Exercise instructions: Below is a listing to copy exactly; no image goes into the copy.
Data provided Start Marker
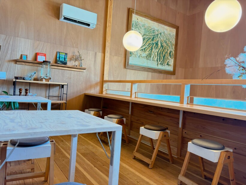 2階の階段を上ったこちらがお席になります。テーブル席とカウンターがありました。おひとり様でもゆっくりと過ごすことが出来そうです。
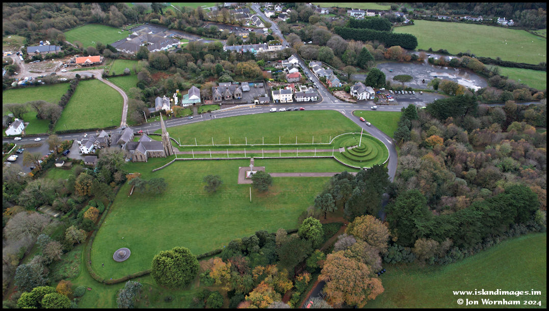 A side on view of Tynwald Field. Although very quiet today, on Tynwald Day, 5th July, the whole area is busy with people and the closer area is home to the Tynwayd Fair.
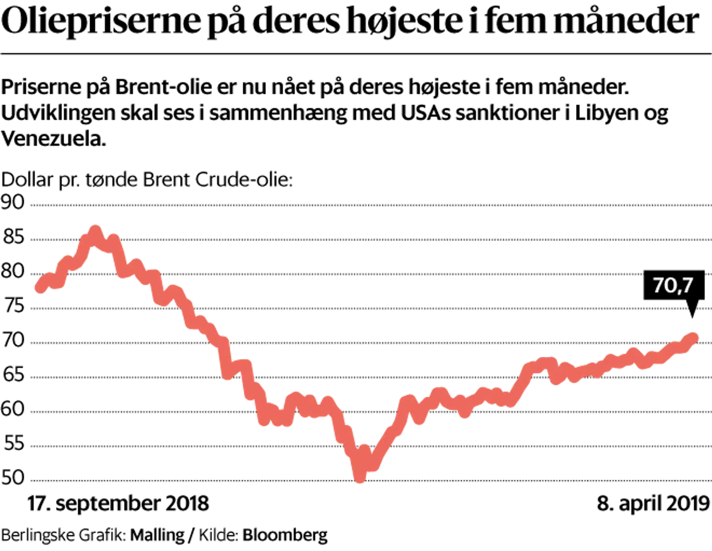 Ifølge råvareanalytikere skyldes stigningen en række geopolitiske hændelser og situationer i olieproducerende lande, der alle bidrager til den store prisvækst. Således har USAs sanktioner mod Venezuela og Iran gødet jorden for, at nordsøolien stiger i pris. Men endnu vigtigere er den blodige borgerkrig i Libyen, hvor oprørere har indtaget flere oliefelter og reservoirer i deres kamp.
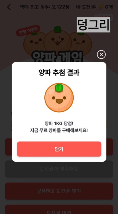 *한 번 수확 당첨 성공하면, 그 뒤 부터는 올팜 양파게임 도전권 공유가 막히더라구요? 대신 자정에 주는 1회권은 들어왔어요.
Data provided End Marker
Output:
 2階の階段を上ったこちらがお席になります。テーブル席とカウンターがありました。おひとり様でもゆっくりと過ごすことが出来そうです。
 A side on view of Tynwald Field. Although very quiet today, on Tynwald Day, 5th July, the whole area is busy with people and the closer area is home to the Tynwayd Fair.
 Ifølge råvareanalytikere skyldes stigningen en række geopolitiske hændelser og situationer i olieproducerende lande, der alle bidrager til den store prisvækst. Således har USAs sanktioner mod Venezuela og Iran gødet jorden for, at nordsøolien stiger i pris. Men endnu vigtigere er den blodige borgerkrig i Libyen, hvor oprørere har indtaget flere oliefelter og reservoirer i deres kamp.
 *한 번 수확 당첨 성공하면, 그 뒤 부터는 올팜 양파게임 도전권 공유가 막히더라구요? 대신 자정에 주는 1회권은 들어왔어요.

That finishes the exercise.